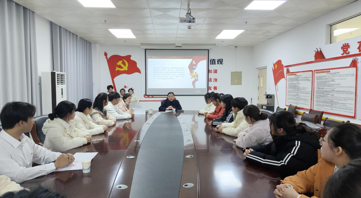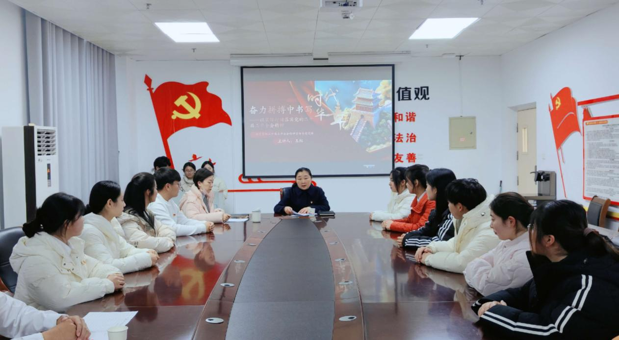 知常明变者赢,守正创新者进。为深入学习贯彻党的二十届三中全会精神,进一步提高党员政治素质和党性修养。2024年12月20日,SUNBET申搏官方网站在“党员之家”会议室开展了《奋力拼搏中书写时代华章——党的二十届三中全会精神学习》主题党课活动,本次党课由党总支书记王虹主讲,全体学生党员聆听了此次党课。
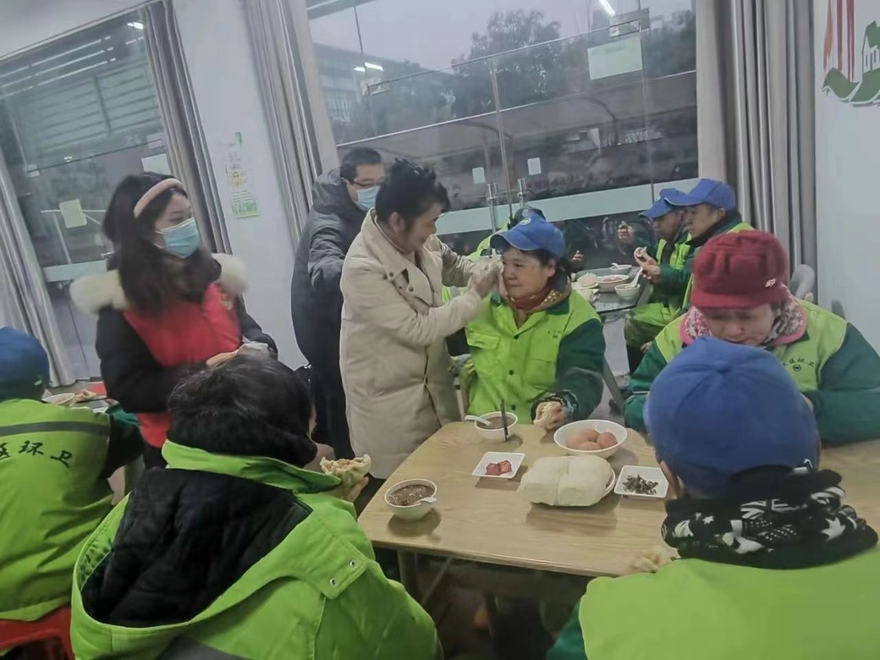 “来来来,喝了这碗腊八粥,身上就不觉得冷了。”2月8日上午,安徽省淮南市的新时代志愿者联合会以“我为群众办实事”实践活动为抓手,举办了“浓浓腊八粥,幸福暖冬行”环卫工人慰问活动,临床试验科技学院的张子馨同学积极响应号召,主动请缨参与,为在寒风中坚守一线的环卫工人们送上暖心关怀。
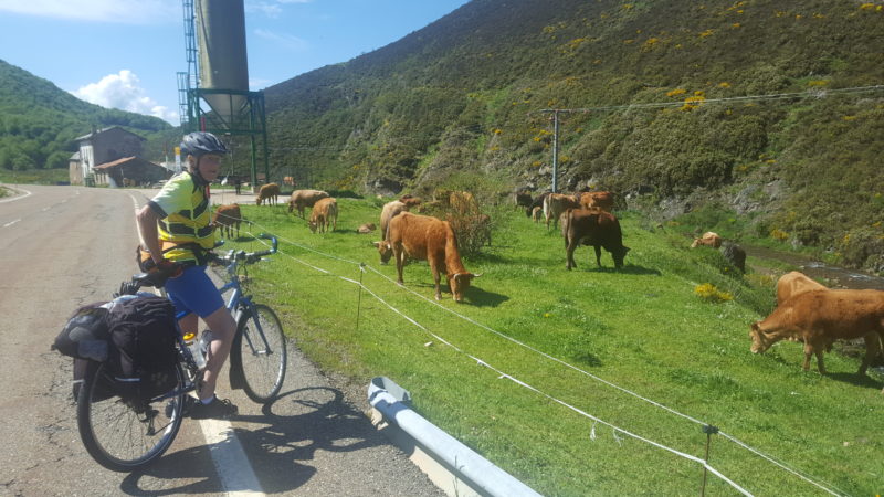 After a flurry of activity we were off the ship at Santander and on our way to the train station. I won’t mention who was told off for trying to jump the queue at passport control! We just missed a train so went to a supermercado for some food supplies before getting the next train out to Virgen de la Sal. From there, a 5K ride in the dark to a superb farmhouse conversion for a wonderful night’s stay!
+--
> **To do**
Leave the pictures out and return the rest of the material exactly.

> **Response area**
 知常明变者赢,守正创新者进。为深入学习贯彻党的二十届三中全会精神,进一步提高党员政治素质和党性修养。2024年12月20日,SUNBET申搏官方网站在“党员之家”会议室开展了《奋力拼搏中书写时代华章——党的二十届三中全会精神学习》主题党课活动,本次党课由党总支书记王虹主讲,全体学生党员聆听了此次党课。
 “来来来,喝了这碗腊八粥,身上就不觉得冷了。”2月8日上午,安徽省淮南市的新时代志愿者联合会以“我为群众办实事”实践活动为抓手,举办了“浓浓腊八粥,幸福暖冬行”环卫工人慰问活动,临床试验科技学院的张子馨同学积极响应号召,主动请缨参与,为在寒风中坚守一线的环卫工人们送上暖心关怀。
 After a flurry of activity we were off the ship at Santander and on our way to the train station. I won’t mention who was told off for trying to jump the queue at passport control! We just missed a train so went to a supermercado for some food supplies before getting the next train out to Virgen de la Sal. From there, a 5K ride in the dark to a superb farmhouse conversion for a wonderful night’s stay!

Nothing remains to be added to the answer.